Например, английское слово “bear” помимо буквального значения «медведь» имеет еще и сленговое – «полицейский», тут уместно будет вспомнить, что в мифологии германских племен медведь – символ порядка. Так что такой пример словоупотребления скорее всего не случаен. Его можно отнести к культурной специфике, так как он разительно отличается от привычного нам метафорического употребления в смысле «увалень», «невежа», и даже, ушедшего из русского языка, но встречающегося в летописях, «льстец». Этнокультурные метафоры это не только отражение национальных мифов, но и наивной картины мира, доминантных позиций в культуре. Так во фразеологизмах, связанных с отношениями детей и родителей в русском языке первое место занимает мать, в итальянском – отец, соответственно русскому «маменькин сыночек» в итальянском соответствует «папенькин сынок». Сопоставление латинского фразеологизма с буквальным значением «душа ушла в нос» и русского «душа ушла в пятки» с одинаковым значением «испугаться» указывает на разность представлений о возможном вместилище души и на разное оценочное восприятие вертикали верх-низ в этих культурах. Данные о фразеологии много говорят и о том, как человек представляет самого себя, т.е. этнокультурные метафоры и метонимии являются базовыми характеристиками познания.
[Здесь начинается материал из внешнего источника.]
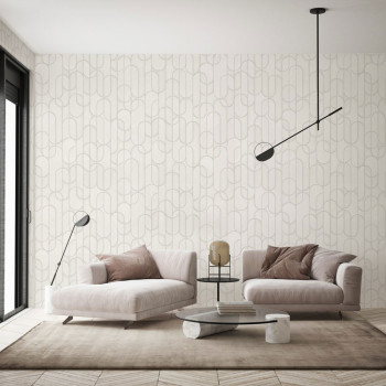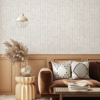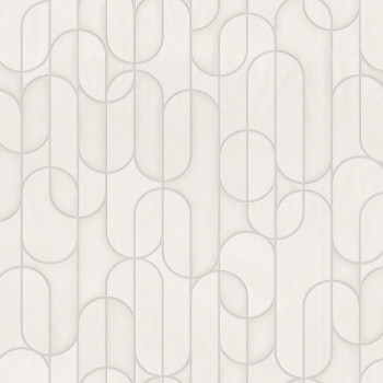 Geometrická vliesová tapeta s vinylovým povrchem, efektní střídání textur, odstíny krémové a šedo-krémové, hladké stříbrné obrysy.
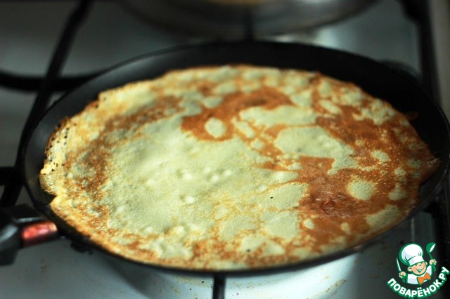 Выпекайте блины с обеих сторон до золотистого цвета на сковороде, смазывая ее растительным маслом (чтобы не переборщить, я смазываю сковороду маслом при помощи силиконовой кисточки).
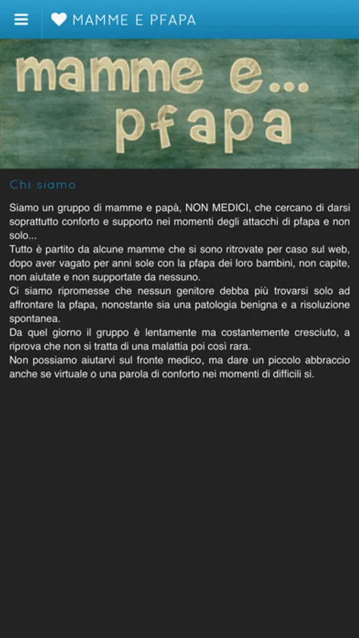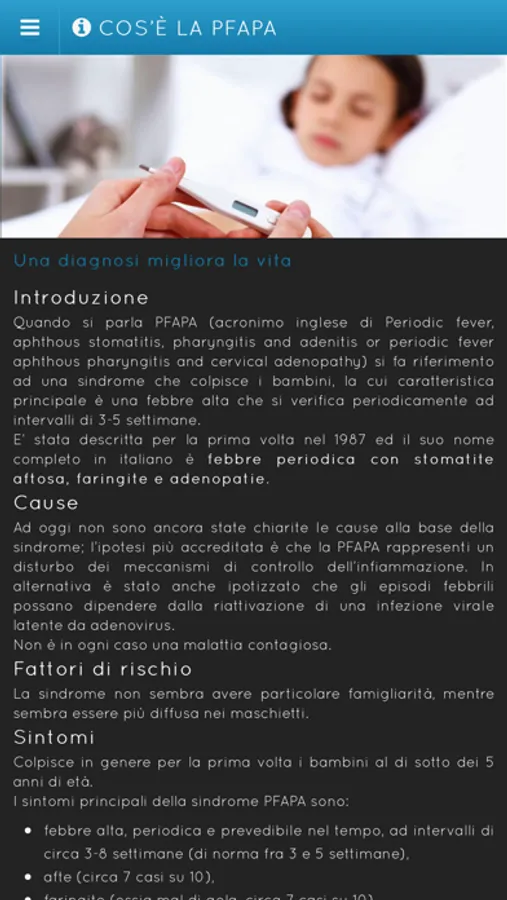 Tramite l'applicazione di mamme e PFAPA scoprirete in modo approfondito cos'è la PFAPA e tutti i suoi aspetti, come arrivare ad una diagnosi, quali sono i maggiori rischi, quali sono le terapie più comuni.
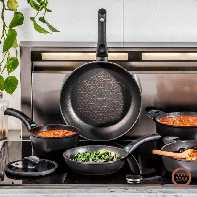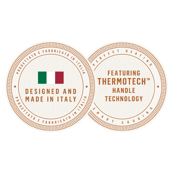 Essteele Per Salute combines convenience and solution-driven features into beautiful, Italian made cookware. The Per Salute nonstick coating is reinforced with real diamond for exceptional heat conductivity and, along with the Durashield™ interior, will bring some sparkle to your kitchen. Featuring a robust 7-layer construction this cookware makes preparing healthy gourmet meals easier than ever.
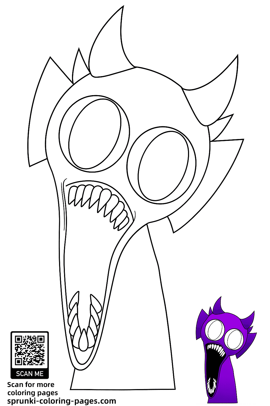 Download the Durple Horror Smile Sprunki Coloring Page! This chilling design captures Durple's eerie smile from his horror form, perfect for fans of creepy and unsettling characters. Let your creativity add color to this spooky design!
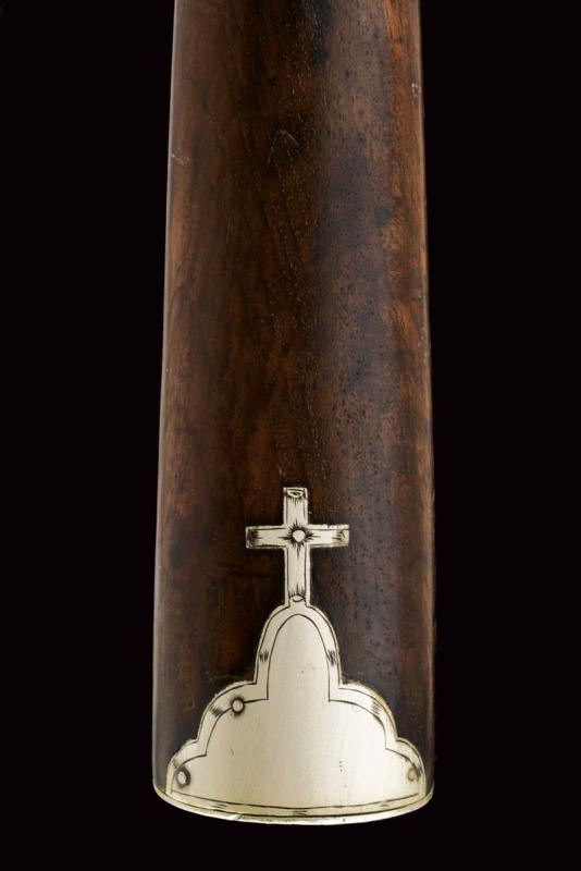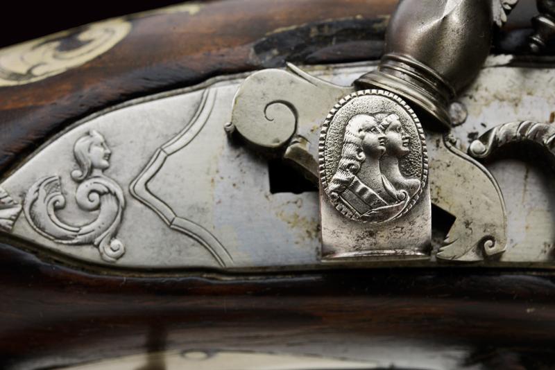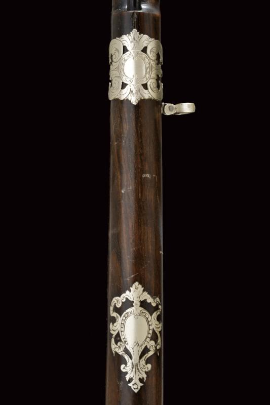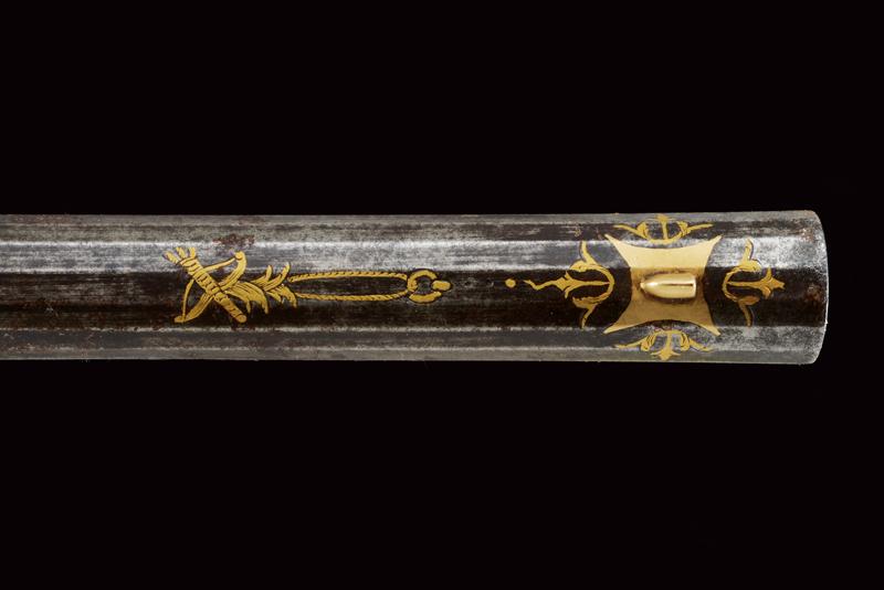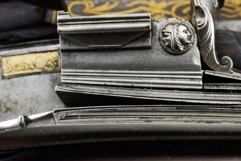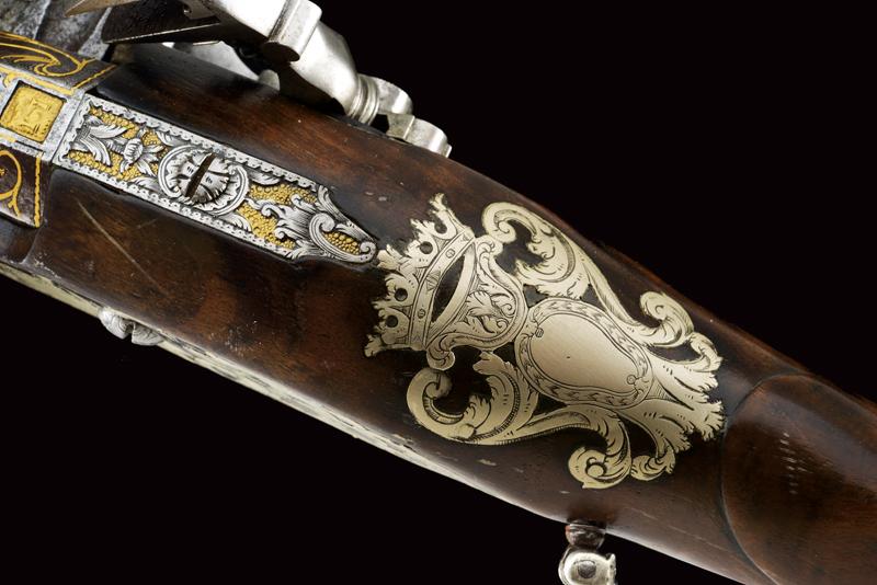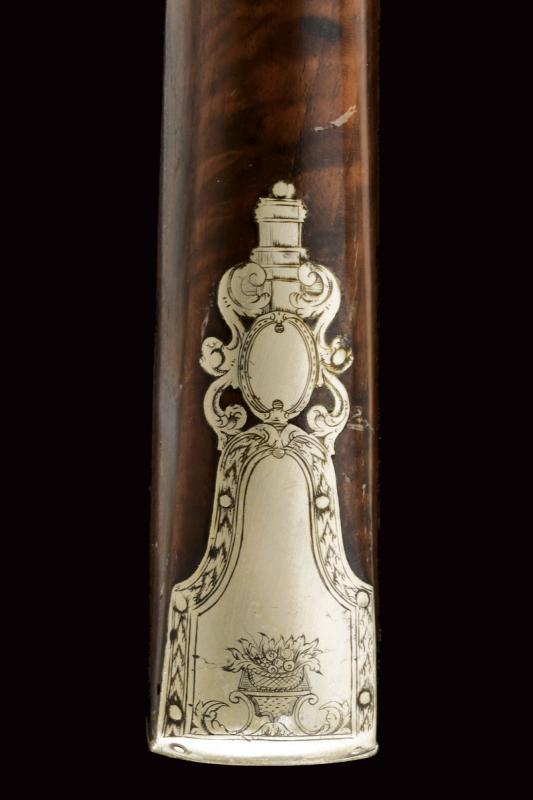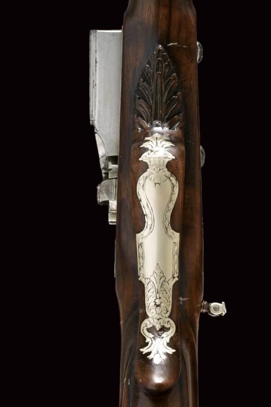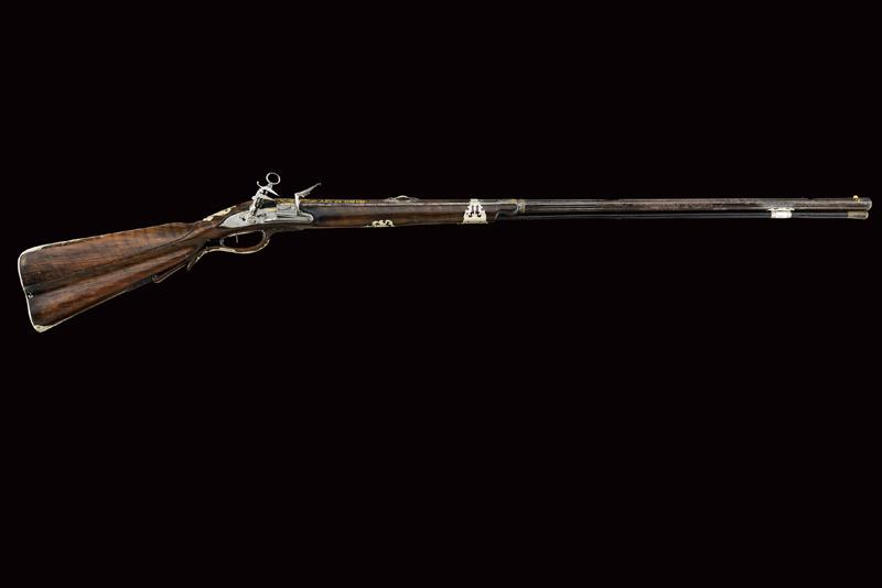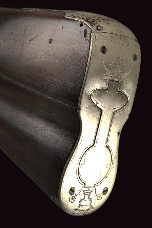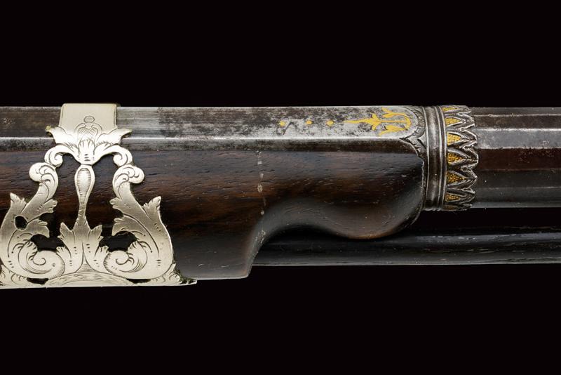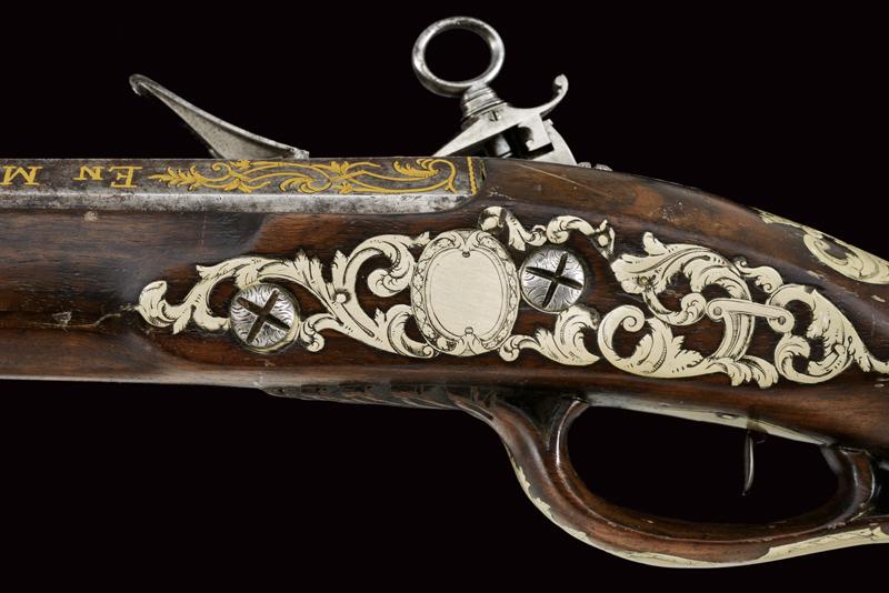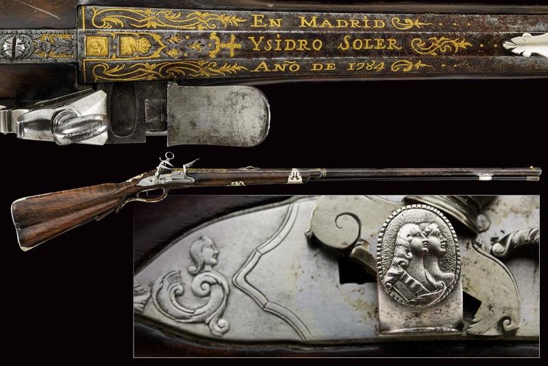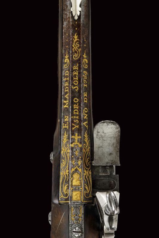 Bellissimo fucile alla romana a pietra focaia con canna di Isidro Soler, datazione: 1784 provenienza: Italia e Spagna, Canna liscia a due ordini, prima ottagonale, poi a sedifi facce, con anellature e decorazioni floreali al cambio, la base con marchi di Isidro Soler (Stöckel 1031 e 8263), iscrizione 'EN MADRID ISIDRO SOLER ANO DE 1784' fra decorazioni floreali, il tutto in oro. Alzo a sella in argento, decorazioni in oro al cambio e intorno al mirino a coda di rondine, resti di brunitura, zone con pitting, cal. 15.5 mm; codetta incisa e dorata. Elegantissima batteria alla romana decorata con busti intagliati con firma in argento 'Seb. Ces'; mezza cassa in legno con ponticello smpre in legno scolpito alle estremità a foglie. Fornimenti in argento con finissime incisioni parzialmente traforate, la coccia inferiore con croce, lo scudetto sul dorso sormontato da corona. Bacchetta in legno con battipalla in corno e cavastracci in ferro. Per Isidro Soler vedi 'Der Neue Stöckel', vol. II, pag. 1191. La firma della batteria è probabilmente di un armaiolo italiano come anche la cassa. lunghezza 132 cm.

Основное назначение этих метафор, по мнению Степановой, скрыть подлинное имя, иными словами, метафорический язык плачей обслуживает табу. Подтверждением этому служит и тот факт, что метафора является основным механизмом порождения сленговых значений, а сленг – особый пласт эмоционально-экспрессивной лексики, значительная часть которого относится к табуированным областям: секс, наркотики, алкоголь и т.д.
Одним словом этнокультурные метафоры выступает одним из основных составляющих ментальности нации – освоенного и понятого ею круга понятий, символов и образов. Ведь чтобы обеспечить собственное выживание, каждая культура должна выработать свой способ взаимодействия с жизненной средой, а так же установить рамки социальной реальности, в рамках которой люди получают роли, имеющие для них смысл и позволяющие им функционировать социально. Новые предметы тут же неизбежно включаются в уже существующую систему связей и отношений. Бикман и Келлоу описывают случай, когда один из переводчиков подарил индейцам хуичол новое растение – зеленый салат. Через несколько лет, вновь путешествуя по тем же местам, он услышал любовную песню, в которой были слова «Ты – мой салат». Соответственно каждый язык при всех своих соприкосновениях с действительностью неизбежно осуществляет свой выбор из бесконечного множества способов видения, ведь в самом растении не было никакого указания, на то, что сравнение с ним можно использовать именно в любовной лирике, а не, например, в героическом эпосе.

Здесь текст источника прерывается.